Cleaning Up Actions with ModelBinders

In my last post I showed a controller action which contained a lot of boilerplate code. When the action of a controller accepts the id of an entity the first section of code of that action is always …

  1. Make sure the id exists, if not show error or 404
  2. Make sure that the id references a valid entity in the database, if not show error or 404
  3. If the first two evaluated false then get the entity from the database an continue on with your action

This can get tedious and the extra “noise” takes away from what your controller is trying to accomplish. We are going to use component of the ASP.NET MVC framework called a model binder to help us encapsulate this code. A model binder will get the id that was passed in the GET parameters, find the entity that matches the id and pass it into the action as a parameter. Take our original controller action …

public ActionResult Details(int? id = null)
{
// Make sure that we have an id
if (!id.HasValue)
{
return HttpNotFound();
}

// Get the entity from the repository with the id
var entity = _repository.GetById(id.Value);

// Make sure that the entity exists
if (entity == null)
{
return HttpNotFound();
}

// Do stuff with the entity
}

Which will turn into this after we configure the model binder …

public ActionResult Details(Entity entity)
{
// Make sure that the entity exists
if (entity == null)
{
return HttpNotFound();
}

// Do stuff with the entity
}

So how does this magic happen? Does the framework automatically grab the entity from the database? Well not really but it only requires a small amount of code. First we need to implement the IModelBinder interface. The interface only contains one method, the BindModel method.
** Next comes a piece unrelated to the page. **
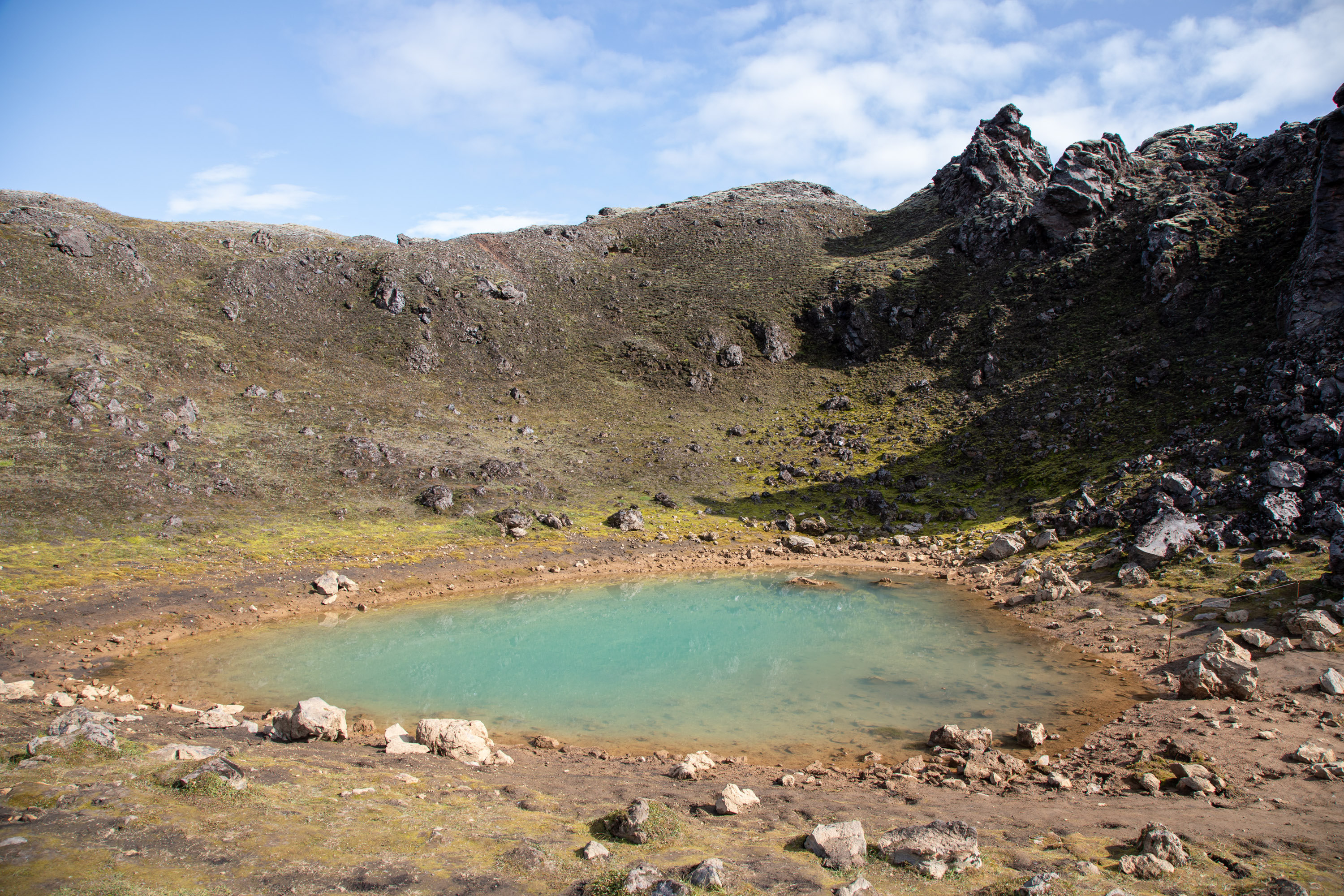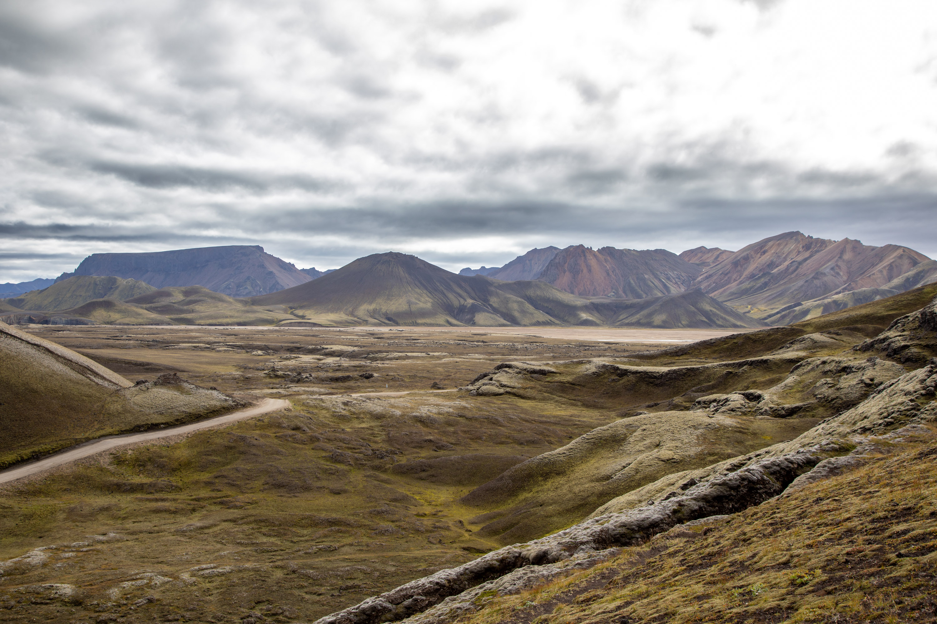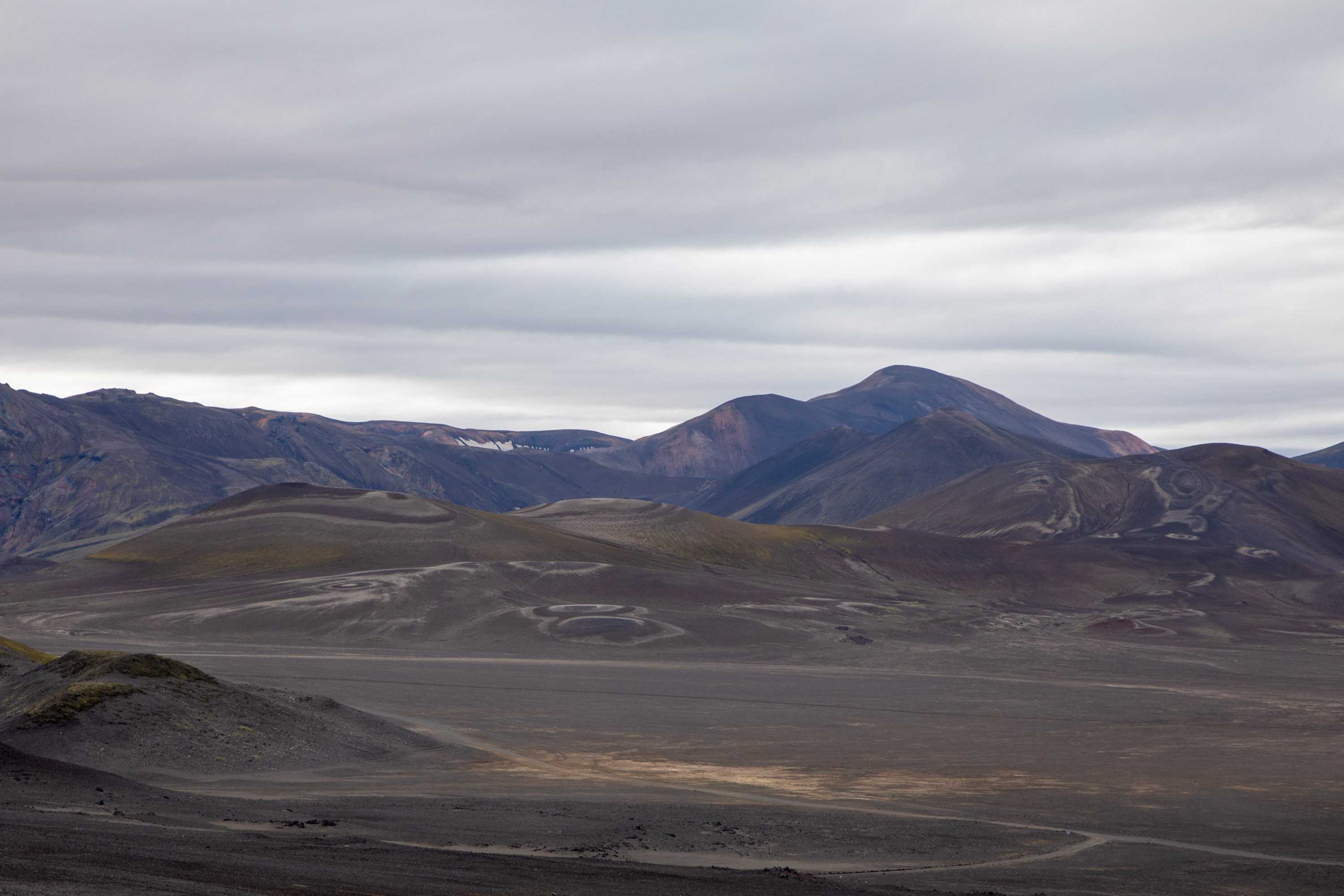 Ici il y a des volcans éteints, de la mousse a repoussé à certains endroits, ce qui donne un contraste de couleurs saisissant. Certains cratères sont maintenant devenus des lacs avec une eau très bleue, malgré les nuages sombres qui ajoutent à l’ambiance sombre de ces paysages. Le Cratère de Bláhylur fait une pause idéale car on est en hauteur et on domine le paysage vide, mis à part cette piste qui traverse au milieu du sable volcanique noir.

Here is an example implementation of it for our entity model class …

public class EntityModelBinder : IModelBinder
{
private readonly IEntityRepository _repository;

public EntityModelBinder(IEntityRepository repository)
{
_repository = repository;
}

public object BindModel(ControllerContext controllerContext, ModelBindingContext bindingContext)
{
//Doesn't have an id so just return null
if (!controllerContext.RouteData.Values.ContainsKey("id"))
{
return null;
}

string value = controllerContext.RouteData.Values["id"] as string;

//Not sure if this will happen but check for it anyway
if (value == null)
{
return null;
}

int id;

//Parse the integer
if (int.TryParse(value, out id))
{
return _repository.GetById(id);
}

return null;
}
}

Then add this code to the Application_Start() method of the Global.asax file.

ModelBinders.Binders.Add(typeof(Entity), new EntityModelBinder());

And there you go. Now you can automattically pull fetch entities from the database by just putting one as the parameter for your controller’s action. In the next blog post I will be talking about removing that null check from the controller’s actions. Happy Codding.